┌────────
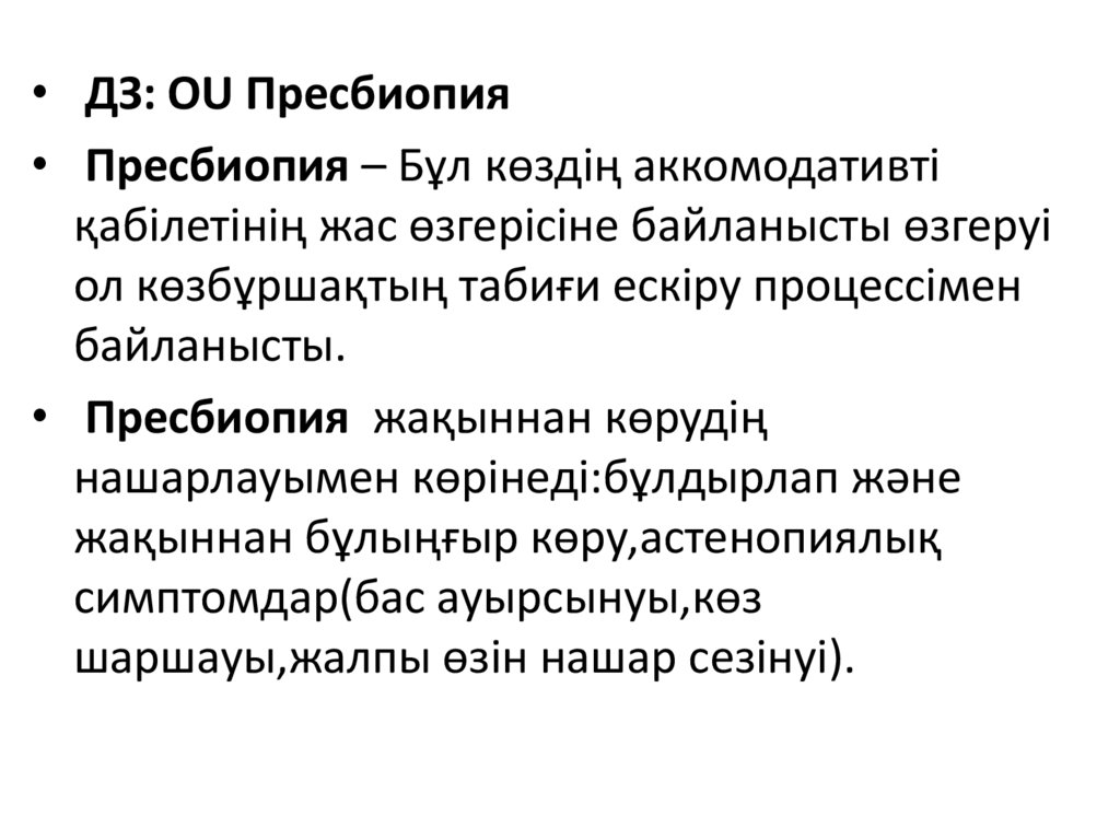 • ДЗ: ОU Пресбиопия• Пресбиопия – Бұл көздің аккомодативті
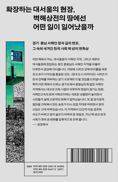그 네 번째 이야기, 『한국 문명의 최전선』에서는 경기 서해안 지역의 도시들을 거쳐 대서울권에 편입 중인 충청남도 서부로 간다. 충남 서부의 해안 지역은 지난 백여 년간 한국의 땅과 길, 그리고 우리 사회가 겪어 온 변화를 압축적으로 보여 준다. 확장하는 대서울권의 외곽, 충남 서부는 지금 어떤 변화를 맞고 있을까? 깊이 있고 풍성한 글, 생생하고 알찬 사진으로 가득한 『한국 문명의 최전선』에서 직접 확인해 보자.
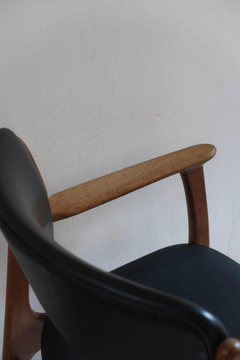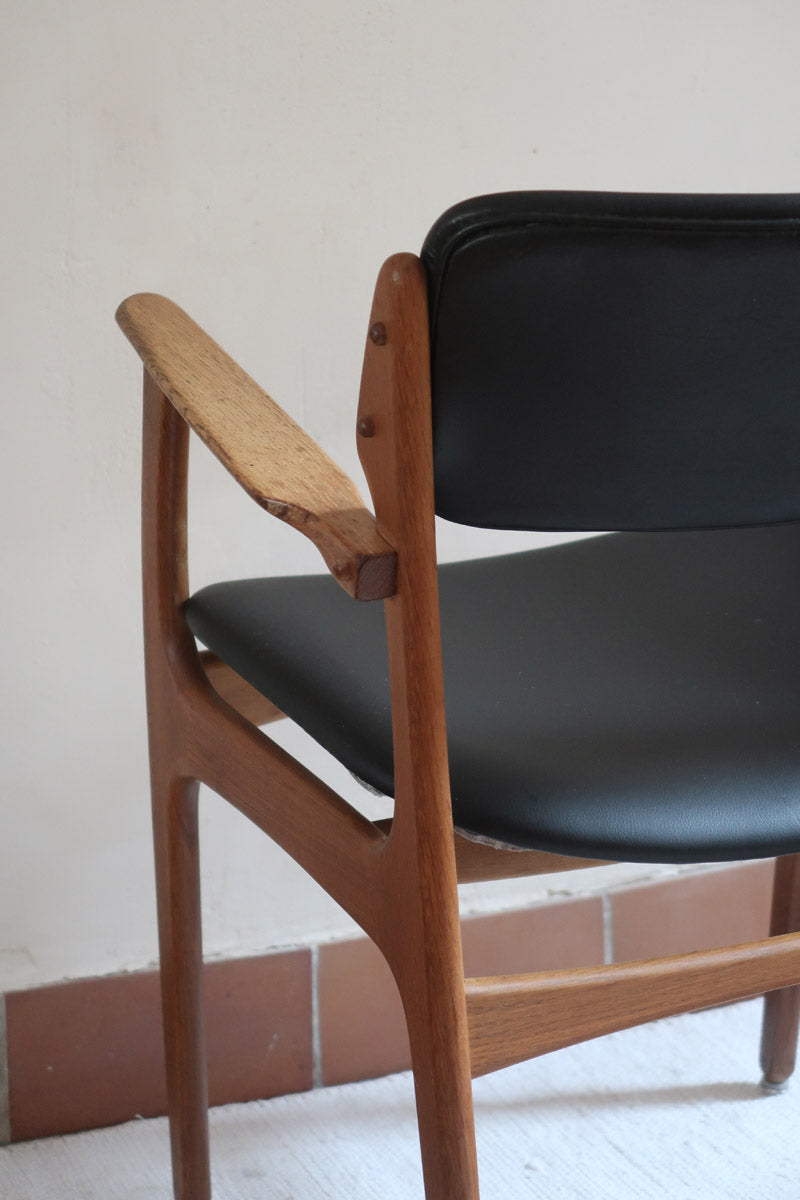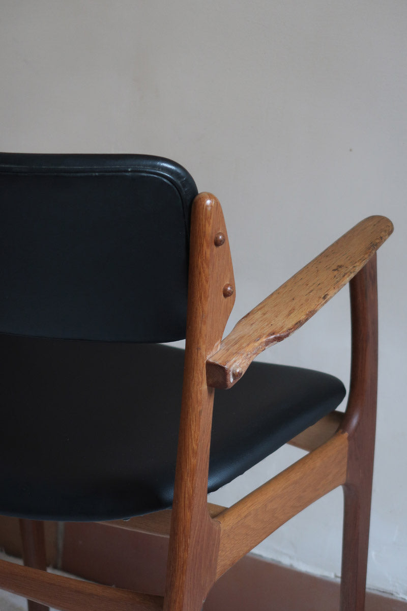 Fauteuil Erik Buch teck skaï noir – O.D. Møbler, Danemark, années 60
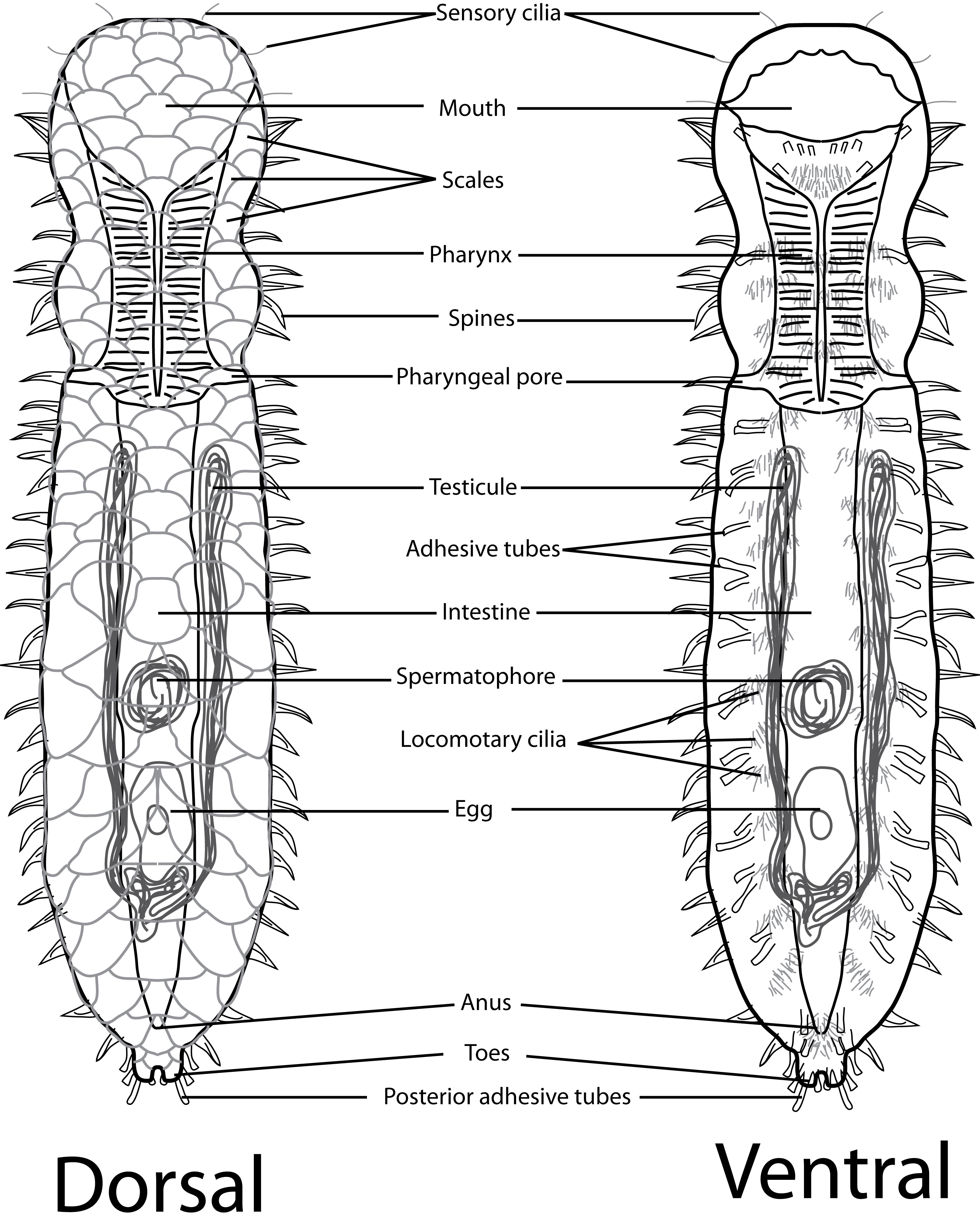 몸은 앞뒤로 가늘고 길며, 양측 대칭이고 배와 등의 구별이 있다. 특별한 부속지는 없으며, 몸 복면에 있는 섬모를 이용하여 움직인다. 또한, 복면의 점착선을 이용해 물체에 부착할 수 있다. 몸 표면은 큐티클로 덮여 있으며, 종에 따라 인편이나 가는 자침이 표면에 배열되어 있기도 하다.
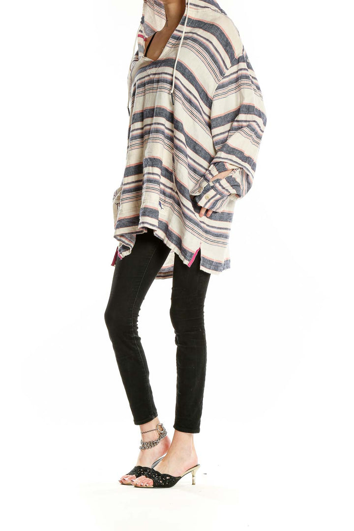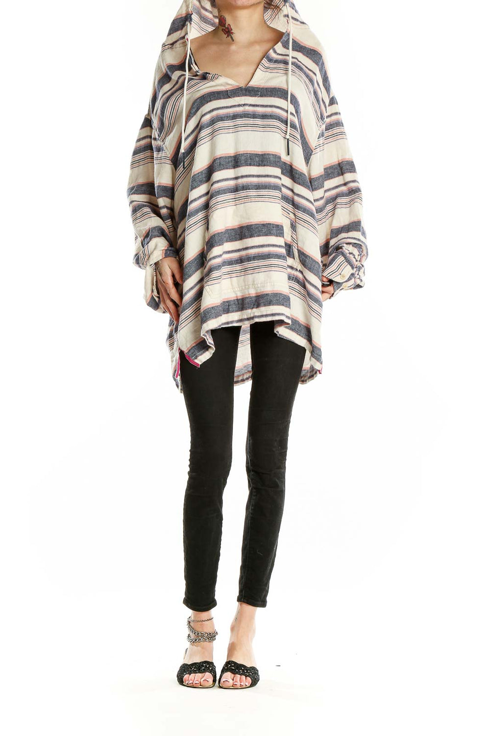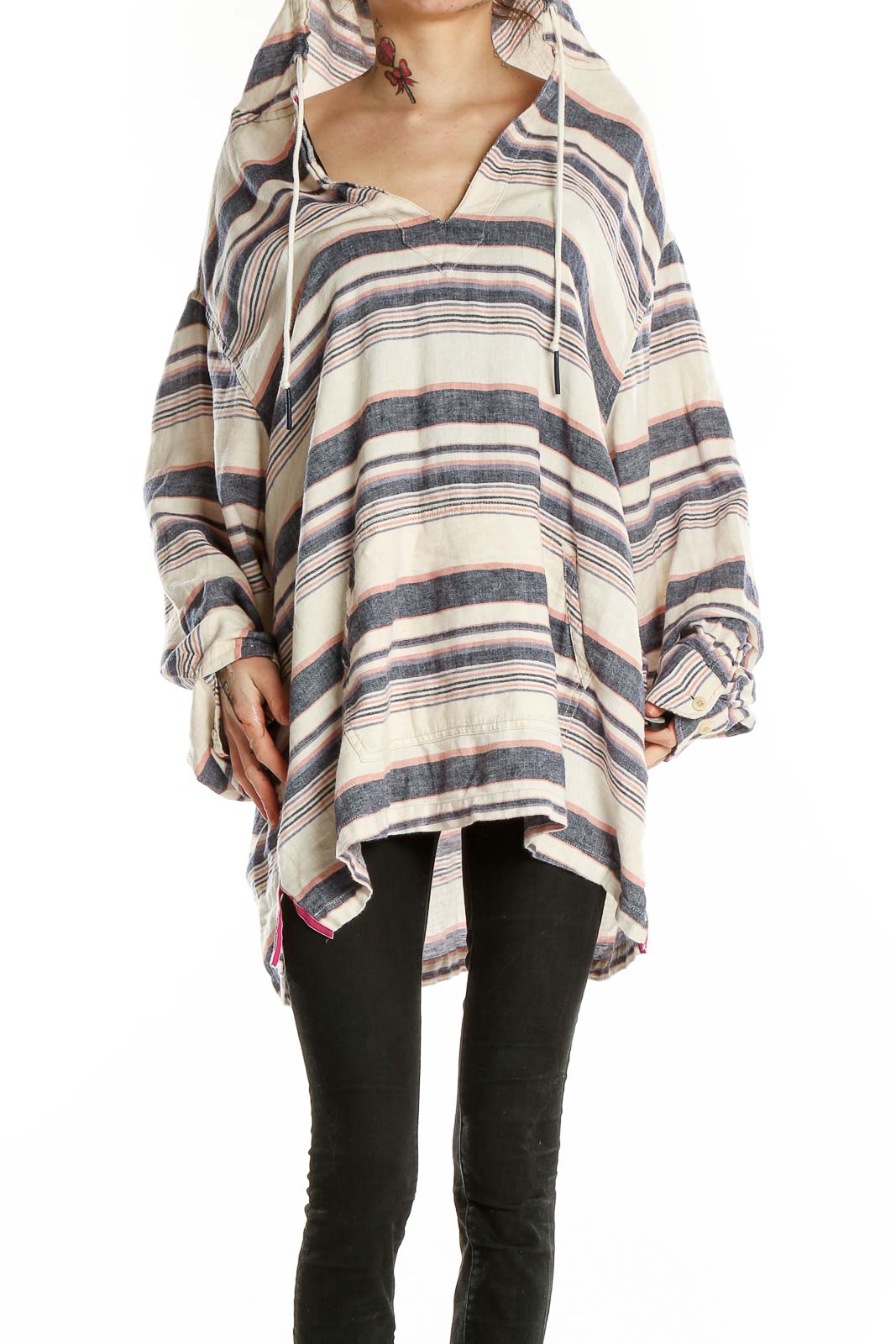 Embrace casual elegance with this beige striped oversized hooded knit tunic from Tommy Bahama. Crafted from a luxurious blend of cotton and linen, this piece offers both comfort and style. The relaxed fit and generous XXL size ensure a flattering drape on various body types, while the horizontal stripes in shades of beige, navy, and light pink add a nautical charm. The hood adds a cozy touch, perfect for those breezy beach evenings or casual outings. With its generous length of 30 inches, this tunic provides ample coverage and can be easily paired with leggings or skinny jeans for a chic, laid-back look. Despite being in 'Good' condition, this Tommy Bahama piece still exudes quality and style, making it a versatile addition to your wardrobe.
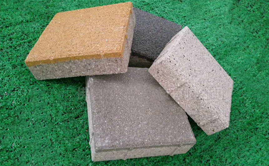 3、 彩石复合混凝土透水砖:材质面层为天然彩色花岗岩、大理石与改性环氧树脂胶合,再与底层聚合物纤维多孔混凝土经压制复合成形,此产品面层华丽,天然色彩,有与石材一般的质感,与混凝土复合后,强度高于石材且成本略高于混凝土透水砖,且价格是石材地砖的1/2,是一种经济、高档的铺地产品。主要用于豪华商业区、大型广场、酒店停车场和高档别墅小区等场所。
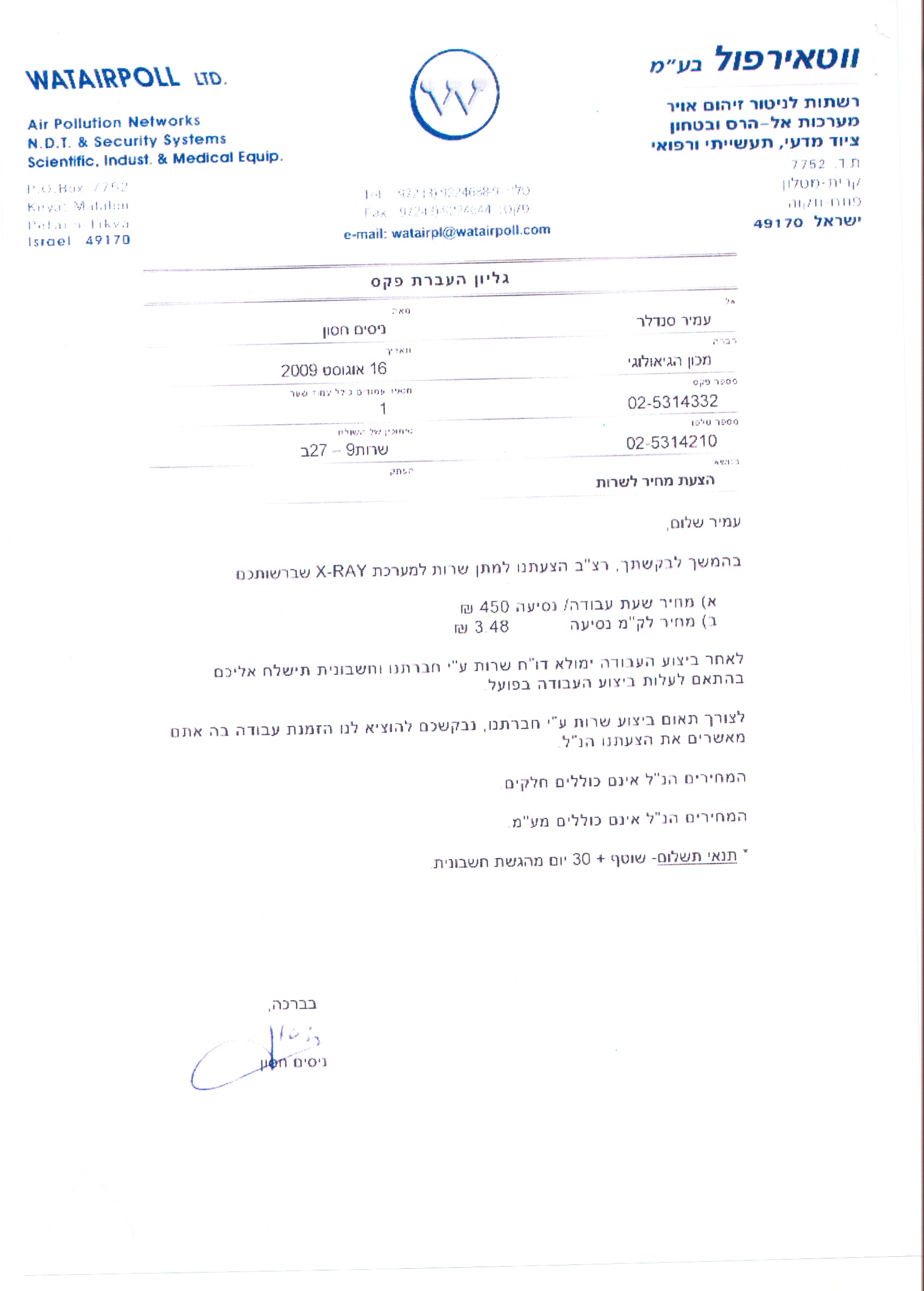 17/11/2009 ,00:00פרטי ההתקשרות
└────────
→ **What the task requires**:
Return every entry unchanged and skip the pictures.

→ **Expected output**:
 • ДЗ: ОU Пресбиопия• Пресбиопия – Бұл көздің аккомодативті
그 네 번째 이야기, 『한국 문명의 최전선』에서는 경기 서해안 지역의 도시들을 거쳐 대서울권에 편입 중인 충청남도 서부로 간다. 충남 서부의 해안 지역은 지난 백여 년간 한국의 땅과 길, 그리고 우리 사회가 겪어 온 변화를 압축적으로 보여 준다. 확장하는 대서울권의 외곽, 충남 서부는 지금 어떤 변화를 맞고 있을까? 깊이 있고 풍성한 글, 생생하고 알찬 사진으로 가득한 『한국 문명의 최전선』에서 직접 확인해 보자.
 Fauteuil Erik Buch teck skaï noir – O.D. Møbler, Danemark, années 60
 몸은 앞뒤로 가늘고 길며, 양측 대칭이고 배와 등의 구별이 있다. 특별한 부속지는 없으며, 몸 복면에 있는 섬모를 이용하여 움직인다. 또한, 복면의 점착선을 이용해 물체에 부착할 수 있다. 몸 표면은 큐티클로 덮여 있으며, 종에 따라 인편이나 가는 자침이 표면에 배열되어 있기도 하다.
 Embrace casual elegance with this beige striped oversized hooded knit tunic from Tommy Bahama. Crafted from a luxurious blend of cotton and linen, this piece offers both comfort and style. The relaxed fit and generous XXL size ensure a flattering drape on various body types, while the horizontal stripes in shades of beige, navy, and light pink add a nautical charm. The hood adds a cozy touch, perfect for those breezy beach evenings or casual outings. With its generous length of 30 inches, this tunic provides ample coverage and can be easily paired with leggings or skinny jeans for a chic, laid-back look. Despite being in 'Good' condition, this Tommy Bahama piece still exudes quality and style, making it a versatile addition to your wardrobe.
 3、 彩石复合混凝土透水砖:材质面层为天然彩色花岗岩、大理石与改性环氧树脂胶合,再与底层聚合物纤维多孔混凝土经压制复合成形,此产品面层华丽,天然色彩,有与石材一般的质感,与混凝土复合后,强度高于石材且成本略高于混凝土透水砖,且价格是石材地砖的1/2,是一种经济、高档的铺地产品。主要用于豪华商业区、大型广场、酒店停车场和高档别墅小区等场所。
 17/11/2009 ,00:00פרטי ההתקשרות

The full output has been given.